Wisdom Teeth Stem Cells Could be Used For The Eye

A new interesting study has shown that wisdom teeth stem cells could be turned into cells of the eye’s cornea. The stem cells could one day be used to repair cornea scaring due to infection or injury.

Thus wisdom teeth stem cells could play a role in helping to treat corneal blindness which affects millions of people in the world. It is typically treated with transplants of donor corneas. Of course, with any transplants, shortages can occur and rejection of donor tissue can occur. This can result in permanent vision loss. Using one patient’s own stem cells from their wisdom teeth would avoid these issues.

The research was conducted in association with the University of Pittsburgh.

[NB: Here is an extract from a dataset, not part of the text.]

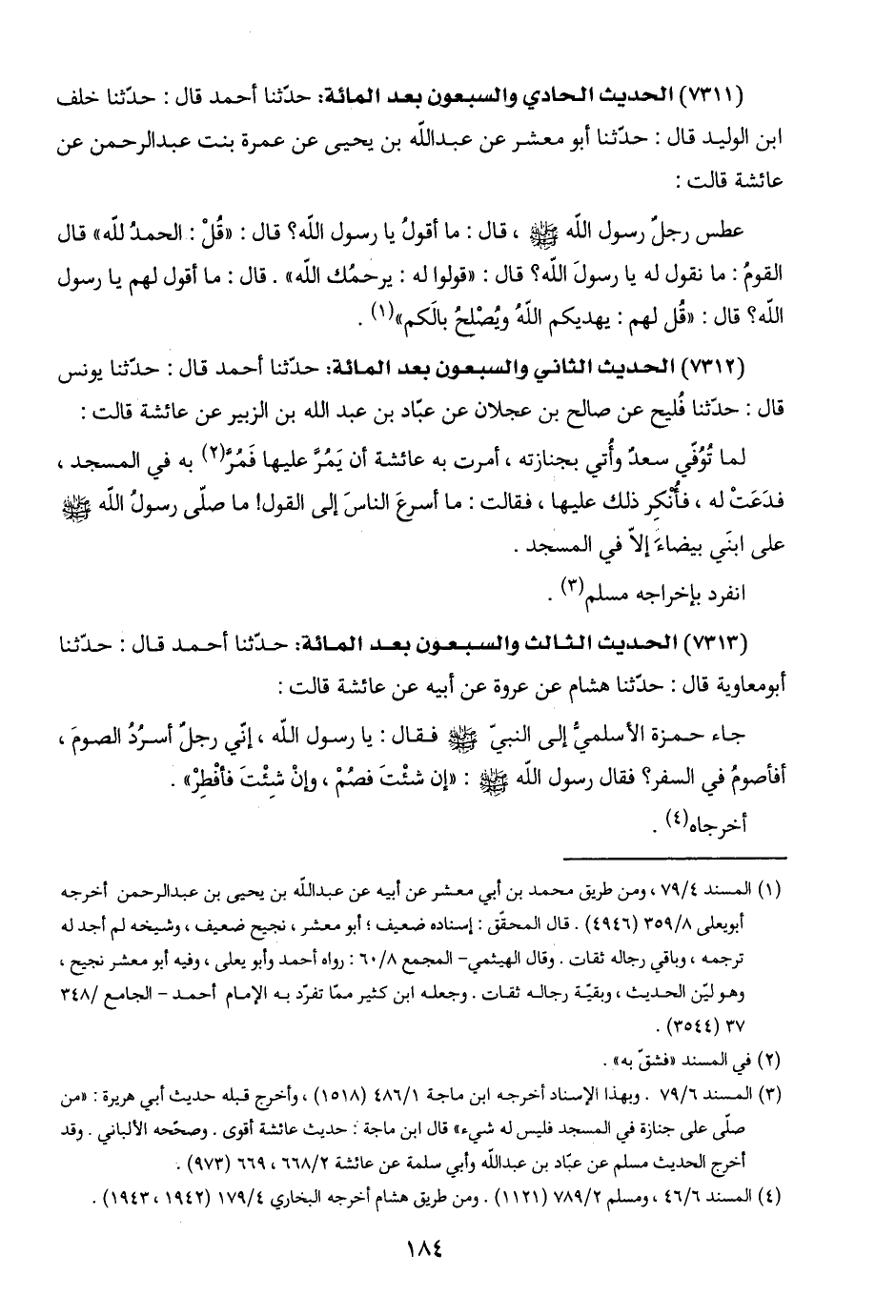 (٤) المسند ٦/ ٤٦، ومسلم ٢/ ٧٨٩ (١١٢١). ومن طريق هشام أخرجه البخاري ٤/ ١٧٩ (١٩٤٢، ١٩٤٣).

Their Department of Opthalmology showed that stem cells of dental pulp obtained from a wisdom tooth extraction could be turned into corneal stromal cells called keratocytes, which have the same embryonic origin. The researchers injected the keratocytes into the corneas of healthy mice, where they integrated without any signs of rejection. In addition the researchers also used the cells to develop constructs of corneal stroma similar to natural tissue.

The researchers feel dental pulp stem cells have great potential for regenerative therapies. In the future they plan to assess whether the technique can correct corneal scarring in animals.


Fatima N. Syed-Picard and et. al. Dental Pulp Stem Cells: A New Cellular Resource for Corneal Stromal Regeneration. STEM CELLS Translational Medicine, February 2015.